START DATASET SECTION
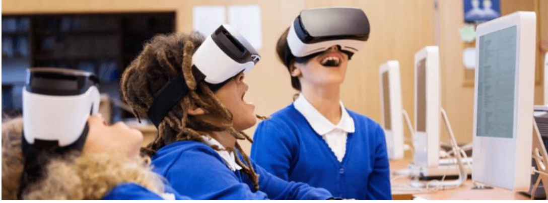
Şekil 2. Sanal gerçeklik örneği (URL 2).

AG ise gerçek öğelerden yararlanılmaktadır. Önemli olan ihtiyaca uygun tasarımların yapılarak canlandırılmasıdır. Gerçek hayattaki nesnelere çalışabilmesi nedeniyle sağlıktan eğitime, mimariden uzay araştırmalarına kadar birçok disiplin ile kolayca entegre olabilmektedir. Beyin fonksiyonlarının düzelmesi, eğitim, eğlence, hikaye anlatımı, oyun, sanal sınıflar, simülasyonlar gibi çeşitli kullanım alanları bunlara örnektir (Bozat ve Dedelioğlu, 2018).
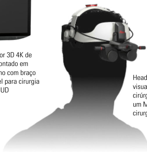
Headset de visualização cirúrgica tudo-em-um MyVeO para cirurgia 3D ao vivo

Qualquer descrição da EnFocus mencionada neste documento refere-se ao dispositivo médico EnFocus 2300 Integrated OCT System
END DATASET SECTION
Each line from the first line of the material above through the line containing "Headset de visualização" is to be reproduced exactly, with both ends kept and pictures left out.

ANSWER TO THE EXERCISE:
Şekil 2. Sanal gerçeklik örneği (URL 2).

AG ise gerçek öğelerden yararlanılmaktadır. Önemli olan ihtiyaca uygun tasarımların yapılarak canlandırılmasıdır. Gerçek hayattaki nesnelere çalışabilmesi nedeniyle sağlıktan eğitime, mimariden uzay araştırmalarına kadar birçok disiplin ile kolayca entegre olabilmektedir. Beyin fonksiyonlarının düzelmesi, eğitim, eğlence, hikaye anlatımı, oyun, sanal sınıflar, simülasyonlar gibi çeşitli kullanım alanları bunlara örnektir (Bozat ve Dedelioğlu, 2018).
Headset de visualização cirúrgica tudo-em-um MyVeO para cirurgia 3D ao vivo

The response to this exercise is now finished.